Osa Takayuki, Tangkaratt Voot, Sugiyama Masashi
Kyushu Institute of Technology, 2-4 Hibikino, Wakamatsu, Kita-kyushu, 808-0135, Fukuoka, Japan; RIKEN Center for Advanced Intelligence Project, 1-4-1 Nihonbashi, Chuo-ku, 103-0027, Tokyo, Japan.
RIKEN Center for Advanced Intelligence Project, 1-4-1 Nihonbashi, Chuo-ku, 103-0027, Tokyo, Japan.
Neural Netw. 2022 Aug;152:90-104. doi: 10.1016/j.neunet.2022.04.009. Epub 2022 Apr 16.
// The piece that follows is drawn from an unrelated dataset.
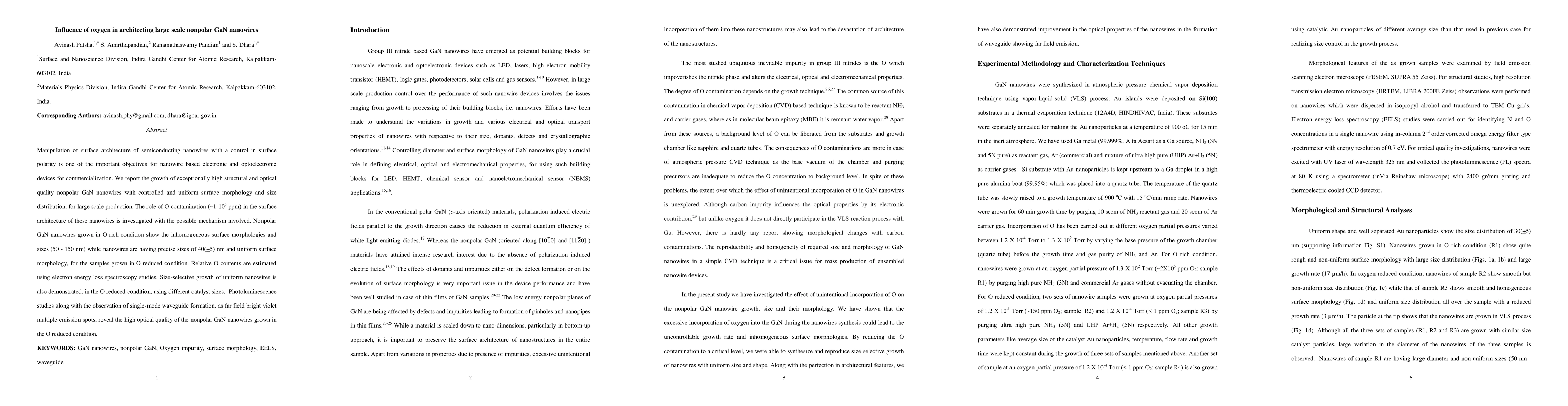 Manipulation of surface architecture of semiconducting nanowires with a control in surface polarity is one of the important objectives for nanowire based electronic and optoelectronic devices for commercialization. We report the growth of exceptionally high structural and optical quality nonpolar GaN nanowires with controlled and uniform surface morphology and size distribution, for large scale production. The role of O contamination (~1-10^5 ppm) in the surface architecture of these nanowires is investigated with the possible mechanism involved. Nonpolar GaN nanowires grown in O rich condition show the inhomogeneous surface morphologies and sizes (50 - 150 nm) while nanowires are having precise sizes of 40(5) nm and uniform surface morphology, for the samples grown in O reduced condition. Relative O contents are estimated using electron energy loss spectroscopy studies. Size-selective growth of uniform nanowires is also demonstrated, in the O reduced condition, using different catalyst sizes. Photoluminescence studies along with the observation of single-mode waveguide formation, as far field bright violet multiple emission spots, reveal the high optical quality of the nonpolar GaN nanowires grown in the O reduced condition.
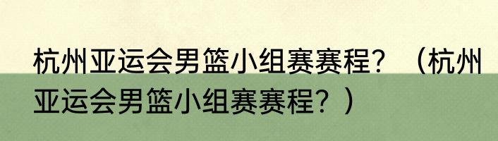 杭州亚运会男篮小组赛赛程?(杭州亚运会男篮小组赛赛程?)

Reinforcement learning algorithms are typically limited to learning a single solution for a specified task, even though diverse solutions often exist. Recent studies showed that learning a set of diverse solutions is beneficial because diversity enables robust few-shot adaptation. Although existing methods learn diverse solutions by using the mutual information as unsupervised rewards, such an approach often suffers from the bias of the gradient estimator induced by value function approximation. In this study, we propose a novel method that can learn diverse solutions without suffering the bias problem. In our method, a policy conditioned on a continuous or discrete latent variable is trained by directly maximizing the variational lower bound of the mutual information, instead of using the mutual information as unsupervised rewards as in previous studies. Through extensive experiments on robot locomotion tasks, we demonstrate that the proposed method successfully learns an infinite set of diverse solutions by learning continuous latent variables, which is more challenging than learning a finite number of solutions. Subsequently, we show that our method enables more effective few-shot adaptation compared with existing methods.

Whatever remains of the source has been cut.